Colombia: Court backs referendum on peace deal with FARC

Colombia: Court backs referendum on peace deal with FARC

Colombia: Court backs referendum on peace deal with FARC

Colombia's President Juan Manuel Santos speaks during a Presidential address in Bogota, Colombia, July 18, 2016. REUTERS photo

Colombia’s constititutional court gave its approval on July 18 for a popular referendum on a historic peace deal being negotiated with FARC rebels.

“There is a green light for us, the Colombian people, to approve the peace deal with our votes,” President Juan Manuel Santos said.

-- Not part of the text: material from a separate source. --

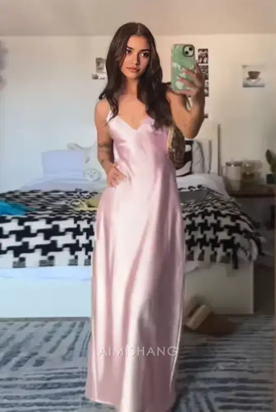 Aimishang Fashion Yellow V-neck Spaghetti Straps Sleeveless Prom Dress Simple Maxi Dress Elegant Evening Party Dress

The top court held more than eight hours of deliberations before giving its go-ahead to a government bill on the plebiscite, which has already been approved by Congress.

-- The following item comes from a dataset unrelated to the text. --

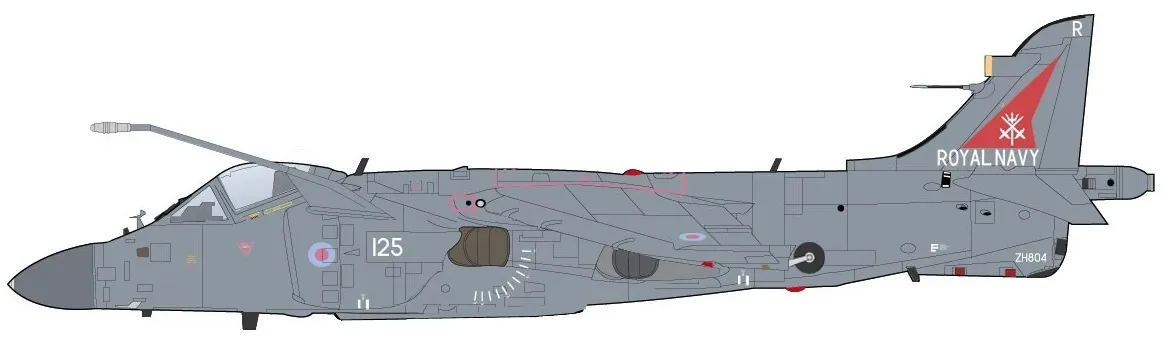 SKU: HA4107 | Brand: Hobby Master | Product: Hobby Master 1/72 Sea Harrier FA.2 ZH804, Royal Navy, Fairford 2002 (w/Sea Eagle missiles) Diecast Model Aircraft This 1/72 scale diecast model represents Sea Harrier FA.2 aircraft ZH804 as it appeared at the Royal International Air Tattoo at Fairford in 2002. The FA.2 variant incorporated improved radar systems and expanded weapons capability compared to earlier Sea Harrier versions. The model includes Sea Eagle anti-ship missiles mounted on the airframe, reflecting the aircraft's maritime strike role with the Royal Navy. The Sea Harrier's vertical take-off and landing (VTOL) capability is evident in the aircraft's distinctive engine and intake configuration. Hobby Master's detailing captures the aerodynamic features specific to this naval variant.

The Colombian government and the Marxist Revolutionary Armed Forces of Colombia (FARC) are in the final phase of four years of talks that it is hoped will result in a peace deal putting to an end a half-a-century of conflict.

The rebels last month signed a cease-fire and disarmament deal with the government, with the aim of becoming a political party.

The government said it hoped to move on to a full peace deal within weeks.

Alejo Vargas, an analyst at the National University’s Center for Reflection and Monitoring of the Peace Dialogues, has said government supporters of the peace deal are in the majority. 

In a referendum, he estimated, “up to 70 percent would vote ‘Yes.’”

A unit of Colombia’s FARC rebel group, the Armando Rios First Front, said July 6 that it will not lay down arms or demobilize under the potential peace deal with the government.

Columbia’s ambassador to Turkey expressed July 11 high hopes for the eventual outcome of the peace deal being negotiated. 

“The conflict in Colombia with FARC, it [has been going on for] more or less 55 years,” the ambassador said in an exclusive interview with the Hürriyet Daily News.